OECs are a little harder because their claims are more difficult to test. They can keep finding gaps in which to insert God.

Ken Miller has a similar conclusion about debating creationists. One admitted to him that, despite whatever evidence existed, they could not change their basic belief.

TrogL

(32,822 posts)
3. It won't be a debate
Mon Feb 3, 2014, 01:28 PM
Feb 2014

Ham will go straight into a Gish Gallop. Unless they allow Nye to roll back the tape and attack each individual point one at a time, Ham will bury him in bullshit.

Brettongarcia

(2,262 posts)
4. If the problem is not solved by debating Creation?
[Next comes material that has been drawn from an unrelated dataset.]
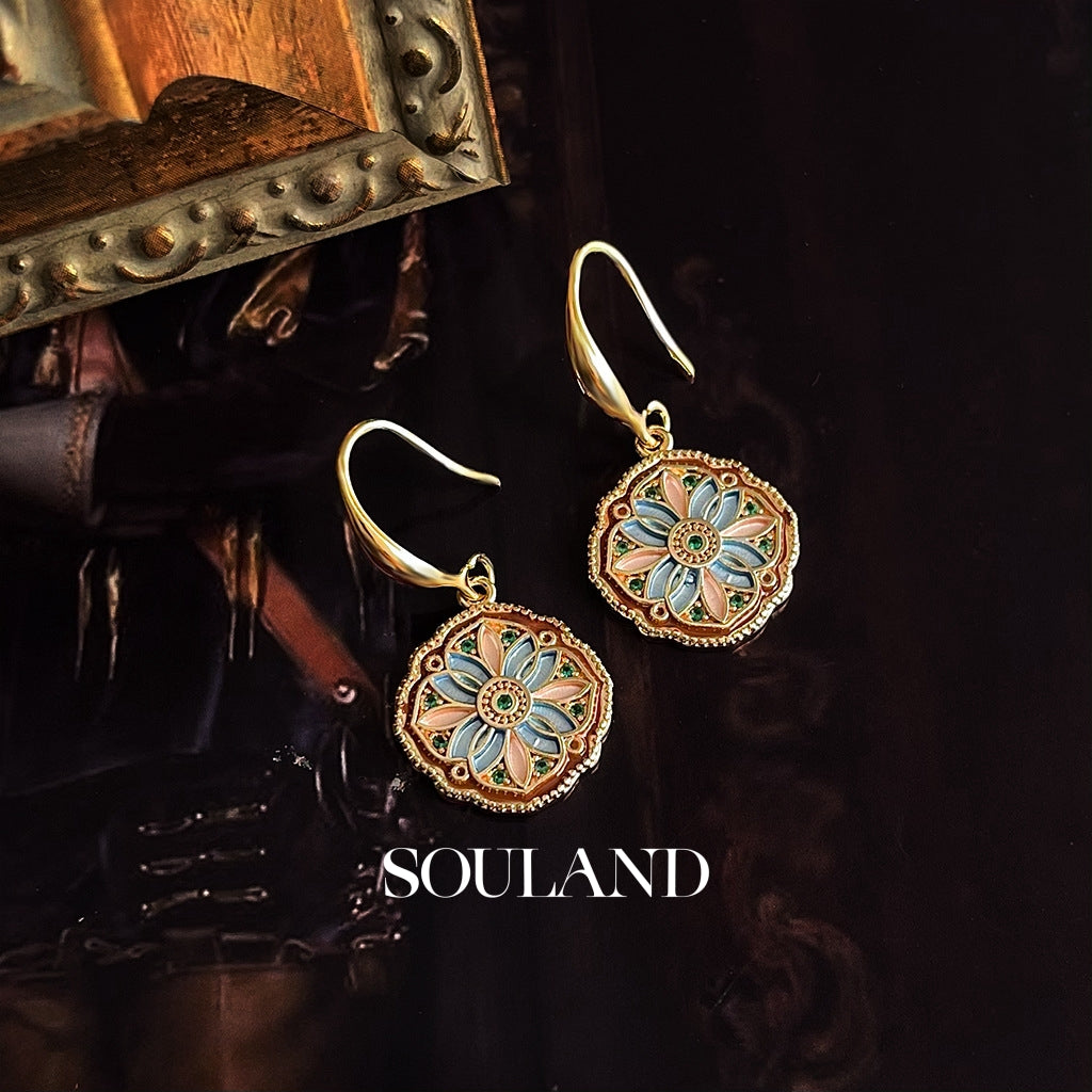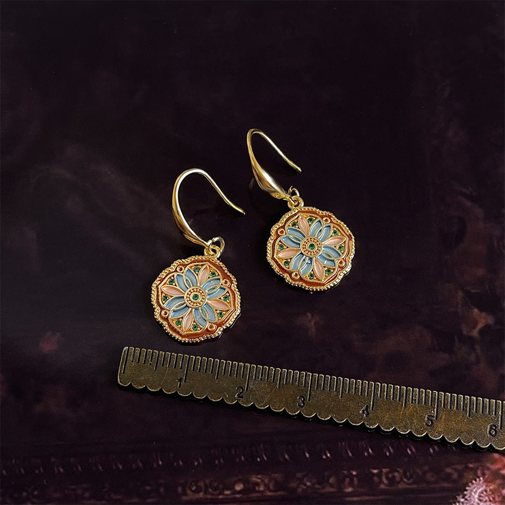 A delicate fusion of color and craftsmanship, these earrings feature a vintage-inspired mandala design adorned with soft pastel enamel petals and shimmering accents.

Then how about teaching "critical thinking?"
Mon Feb 3, 2014, 01:40 PM
Feb 2014

Or teaching more science. Or Logic.

To get around the endless stalemate of all-too-well known and predictable debates.

In 15 years of debating with the religious right, I found the best approach was to simply avoid all too well known subjects. Like women's rights, gay rights, and so forth. And simply teach a rational approach to anything else.

Fumesucker

(45,851 posts)
5. It doesn't take an expert to understand the word of God
Mon Feb 3, 2014, 08:45 PM
Feb 2014

It takes a freaking contortionist with the moral flexibility of a rubber eel.